_PROBLEM TO SOLVE:_ Which lines below fall between the one containing "Keywords: clock wall" and the one containing "5.大陆共分为:仙界-神域-魔督-妖族-灵界。越后面爆率越好 无充值地图 无充值合成"? Repeat them exactly, counting both of those lines, and add nothing else.

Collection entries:
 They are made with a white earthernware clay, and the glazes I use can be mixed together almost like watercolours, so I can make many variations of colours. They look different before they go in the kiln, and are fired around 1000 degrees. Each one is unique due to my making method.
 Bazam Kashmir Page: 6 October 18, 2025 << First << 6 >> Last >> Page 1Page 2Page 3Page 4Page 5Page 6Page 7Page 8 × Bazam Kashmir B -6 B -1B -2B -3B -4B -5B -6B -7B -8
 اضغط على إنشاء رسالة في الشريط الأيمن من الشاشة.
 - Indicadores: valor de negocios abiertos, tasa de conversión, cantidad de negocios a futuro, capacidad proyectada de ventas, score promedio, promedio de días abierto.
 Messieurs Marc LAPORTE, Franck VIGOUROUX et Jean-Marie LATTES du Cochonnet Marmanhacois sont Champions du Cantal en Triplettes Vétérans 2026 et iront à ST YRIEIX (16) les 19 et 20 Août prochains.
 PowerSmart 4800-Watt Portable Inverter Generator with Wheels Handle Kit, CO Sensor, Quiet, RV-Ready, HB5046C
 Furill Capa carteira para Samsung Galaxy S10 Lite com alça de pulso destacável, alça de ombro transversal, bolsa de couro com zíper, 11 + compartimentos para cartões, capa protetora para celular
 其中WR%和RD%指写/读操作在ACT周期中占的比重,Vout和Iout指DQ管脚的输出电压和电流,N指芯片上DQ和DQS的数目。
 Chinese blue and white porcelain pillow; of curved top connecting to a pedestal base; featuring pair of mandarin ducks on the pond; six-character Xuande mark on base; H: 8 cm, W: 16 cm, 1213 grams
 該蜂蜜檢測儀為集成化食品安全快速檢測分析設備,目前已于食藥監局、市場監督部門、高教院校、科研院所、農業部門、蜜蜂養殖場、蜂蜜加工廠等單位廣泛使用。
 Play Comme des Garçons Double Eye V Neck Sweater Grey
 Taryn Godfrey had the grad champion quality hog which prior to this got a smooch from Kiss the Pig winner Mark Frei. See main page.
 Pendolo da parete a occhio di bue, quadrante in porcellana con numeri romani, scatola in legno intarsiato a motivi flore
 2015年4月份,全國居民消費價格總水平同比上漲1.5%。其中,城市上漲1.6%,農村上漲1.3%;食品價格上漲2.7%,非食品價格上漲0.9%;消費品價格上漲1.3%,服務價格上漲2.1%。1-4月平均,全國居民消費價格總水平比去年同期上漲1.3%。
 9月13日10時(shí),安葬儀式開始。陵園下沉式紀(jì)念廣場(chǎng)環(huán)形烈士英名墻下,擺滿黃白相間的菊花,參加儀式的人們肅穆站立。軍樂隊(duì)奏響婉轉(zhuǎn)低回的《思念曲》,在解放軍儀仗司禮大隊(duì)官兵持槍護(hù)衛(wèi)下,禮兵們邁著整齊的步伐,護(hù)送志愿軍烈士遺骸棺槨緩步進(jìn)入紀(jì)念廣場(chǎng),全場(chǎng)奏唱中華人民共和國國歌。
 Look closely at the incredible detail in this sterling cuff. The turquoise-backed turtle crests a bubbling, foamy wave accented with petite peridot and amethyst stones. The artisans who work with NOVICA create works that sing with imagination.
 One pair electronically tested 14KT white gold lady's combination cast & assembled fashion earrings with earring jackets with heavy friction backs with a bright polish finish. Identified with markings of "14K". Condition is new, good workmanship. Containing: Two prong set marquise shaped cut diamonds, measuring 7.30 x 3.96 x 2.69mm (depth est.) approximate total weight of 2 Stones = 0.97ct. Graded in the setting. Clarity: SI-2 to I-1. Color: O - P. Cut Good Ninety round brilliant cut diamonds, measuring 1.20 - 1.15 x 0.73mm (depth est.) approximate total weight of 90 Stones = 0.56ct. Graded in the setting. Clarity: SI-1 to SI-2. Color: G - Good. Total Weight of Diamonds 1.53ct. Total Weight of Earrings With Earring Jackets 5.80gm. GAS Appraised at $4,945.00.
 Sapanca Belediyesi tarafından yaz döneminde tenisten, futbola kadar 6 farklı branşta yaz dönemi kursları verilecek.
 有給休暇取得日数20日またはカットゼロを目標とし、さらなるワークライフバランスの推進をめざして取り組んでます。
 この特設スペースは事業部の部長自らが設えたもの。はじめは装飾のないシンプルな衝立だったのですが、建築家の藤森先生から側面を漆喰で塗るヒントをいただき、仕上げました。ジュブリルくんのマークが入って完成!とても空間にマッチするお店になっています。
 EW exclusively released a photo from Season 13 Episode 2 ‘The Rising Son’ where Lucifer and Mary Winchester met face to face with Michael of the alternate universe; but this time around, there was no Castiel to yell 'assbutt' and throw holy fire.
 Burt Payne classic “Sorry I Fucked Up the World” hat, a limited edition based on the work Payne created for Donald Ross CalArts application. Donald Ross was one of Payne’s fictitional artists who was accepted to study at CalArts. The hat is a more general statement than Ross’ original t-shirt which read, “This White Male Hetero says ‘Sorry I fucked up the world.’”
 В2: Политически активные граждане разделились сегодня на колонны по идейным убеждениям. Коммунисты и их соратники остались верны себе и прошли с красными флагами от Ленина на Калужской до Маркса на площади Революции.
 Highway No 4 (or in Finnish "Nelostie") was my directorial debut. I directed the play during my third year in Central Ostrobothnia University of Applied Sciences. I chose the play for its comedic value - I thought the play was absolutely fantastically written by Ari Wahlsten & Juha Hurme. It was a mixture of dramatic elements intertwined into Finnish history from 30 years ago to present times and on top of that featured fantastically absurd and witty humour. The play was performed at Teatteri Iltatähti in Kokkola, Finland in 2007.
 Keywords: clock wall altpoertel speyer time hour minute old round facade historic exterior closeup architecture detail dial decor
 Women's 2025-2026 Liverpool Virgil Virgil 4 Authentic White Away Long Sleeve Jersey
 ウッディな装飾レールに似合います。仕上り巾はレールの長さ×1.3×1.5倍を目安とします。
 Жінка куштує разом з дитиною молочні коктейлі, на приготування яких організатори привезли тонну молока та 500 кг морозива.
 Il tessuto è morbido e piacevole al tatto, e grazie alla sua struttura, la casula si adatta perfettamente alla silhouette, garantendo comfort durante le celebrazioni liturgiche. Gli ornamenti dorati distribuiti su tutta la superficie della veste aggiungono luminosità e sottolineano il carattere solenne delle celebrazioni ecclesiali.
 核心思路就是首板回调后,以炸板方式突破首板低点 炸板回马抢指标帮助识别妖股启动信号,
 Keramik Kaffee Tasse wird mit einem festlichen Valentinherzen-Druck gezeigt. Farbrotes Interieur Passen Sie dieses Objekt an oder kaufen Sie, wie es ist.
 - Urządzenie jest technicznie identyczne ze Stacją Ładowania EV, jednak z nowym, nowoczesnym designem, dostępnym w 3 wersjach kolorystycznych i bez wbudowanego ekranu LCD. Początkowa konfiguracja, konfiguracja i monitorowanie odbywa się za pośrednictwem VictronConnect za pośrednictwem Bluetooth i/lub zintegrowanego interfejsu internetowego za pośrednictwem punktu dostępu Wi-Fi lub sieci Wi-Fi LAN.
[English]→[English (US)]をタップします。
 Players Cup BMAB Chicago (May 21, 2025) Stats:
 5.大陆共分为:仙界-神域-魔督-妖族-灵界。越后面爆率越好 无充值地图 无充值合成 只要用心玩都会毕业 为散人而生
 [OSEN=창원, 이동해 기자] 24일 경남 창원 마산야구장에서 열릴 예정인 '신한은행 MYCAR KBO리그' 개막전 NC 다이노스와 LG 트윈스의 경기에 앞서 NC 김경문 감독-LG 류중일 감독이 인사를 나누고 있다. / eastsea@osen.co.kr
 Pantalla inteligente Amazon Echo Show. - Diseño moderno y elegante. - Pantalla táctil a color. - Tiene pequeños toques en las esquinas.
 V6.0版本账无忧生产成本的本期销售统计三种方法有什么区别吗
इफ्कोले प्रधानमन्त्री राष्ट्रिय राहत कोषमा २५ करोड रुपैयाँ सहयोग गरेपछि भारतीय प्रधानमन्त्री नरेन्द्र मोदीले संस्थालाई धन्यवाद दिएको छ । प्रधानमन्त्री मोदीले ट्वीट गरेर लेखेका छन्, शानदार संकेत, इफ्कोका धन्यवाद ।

_TASK ANSWER:_
 Keywords: clock wall altpoertel speyer time hour minute old round facade historic exterior closeup architecture detail dial decor
 Women's 2025-2026 Liverpool Virgil Virgil 4 Authentic White Away Long Sleeve Jersey
 ウッディな装飾レールに似合います。仕上り巾はレールの長さ×1.3×1.5倍を目安とします。
 Жінка куштує разом з дитиною молочні коктейлі, на приготування яких організатори привезли тонну молока та 500 кг морозива.
 Il tessuto è morbido e piacevole al tatto, e grazie alla sua struttura, la casula si adatta perfettamente alla silhouette, garantendo comfort durante le celebrazioni liturgiche. Gli ornamenti dorati distribuiti su tutta la superficie della veste aggiungono luminosità e sottolineano il carattere solenne delle celebrazioni ecclesiali.
 核心思路就是首板回调后,以炸板方式突破首板低点 炸板回马抢指标帮助识别妖股启动信号,
 Keramik Kaffee Tasse wird mit einem festlichen Valentinherzen-Druck gezeigt. Farbrotes Interieur Passen Sie dieses Objekt an oder kaufen Sie, wie es ist.
 - Urządzenie jest technicznie identyczne ze Stacją Ładowania EV, jednak z nowym, nowoczesnym designem, dostępnym w 3 wersjach kolorystycznych i bez wbudowanego ekranu LCD. Początkowa konfiguracja, konfiguracja i monitorowanie odbywa się za pośrednictwem VictronConnect za pośrednictwem Bluetooth i/lub zintegrowanego interfejsu internetowego za pośrednictwem punktu dostępu Wi-Fi lub sieci Wi-Fi LAN.
[English]→[English (US)]をタップします。
 Players Cup BMAB Chicago (May 21, 2025) Stats:
 5.大陆共分为:仙界-神域-魔督-妖族-灵界。越后面爆率越好 无充值地图 无充值合成 只要用心玩都会毕业 为散人而生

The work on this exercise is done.